From: Kent Overstreet <kmo@daterainc.com>
To: "Darrick J. Wong" <darrick.wong@oracle.com>
Cc: Sam Fulcomer <enotty@brown.edu>,
Francis Moreau <francis.moro@gmail.com>,
Daniel J Blueman <daniel@quora.org>,
linux-bcache@vger.kernel.org
Subject: Re: [PATCH] bcache: fix writeback thread to sleep less intrusively
Date: Thu, 10 Apr 2014 17:46:49 -0700 [thread overview]
Message-ID: <20140411004649.GA4817@kmo> (raw)
In-Reply-To: <20140411002636.GB9176@birch.djwong.org>
On Thu, Apr 10, 2014 at 05:26:36PM -0700, Darrick J. Wong wrote:
> Hi all,
>
> The attached patch fixes both the "writeback blocked for XXX seconds"

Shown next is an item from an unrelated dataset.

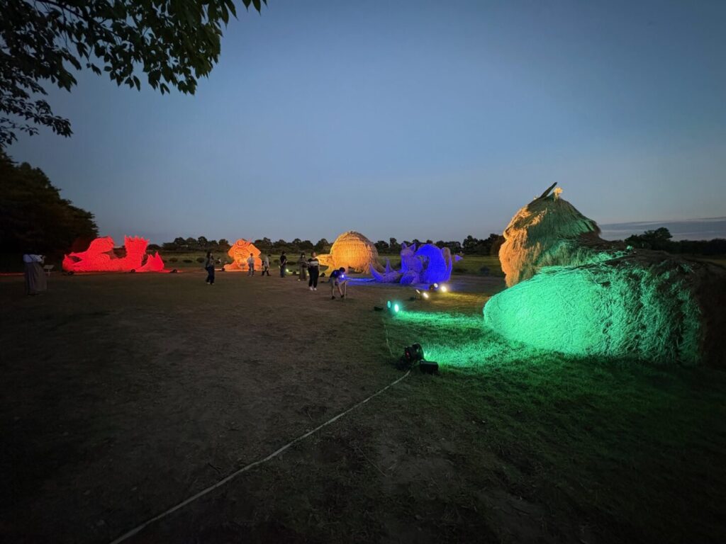 様々な生物に越後の要素を取り入れた5体のわらアート作品がライトアップされていて、幻想的な展示でした。

> complaints from the kernel and the oddly high load averages on idle systems
> problems for me. Can you give it a try to see if it fixes your problem too?
>
> --D
> ---
> Currently, the writeback thread performs uninterruptible sleep while
> it waits for enough dirty data to accumulate to start writeback.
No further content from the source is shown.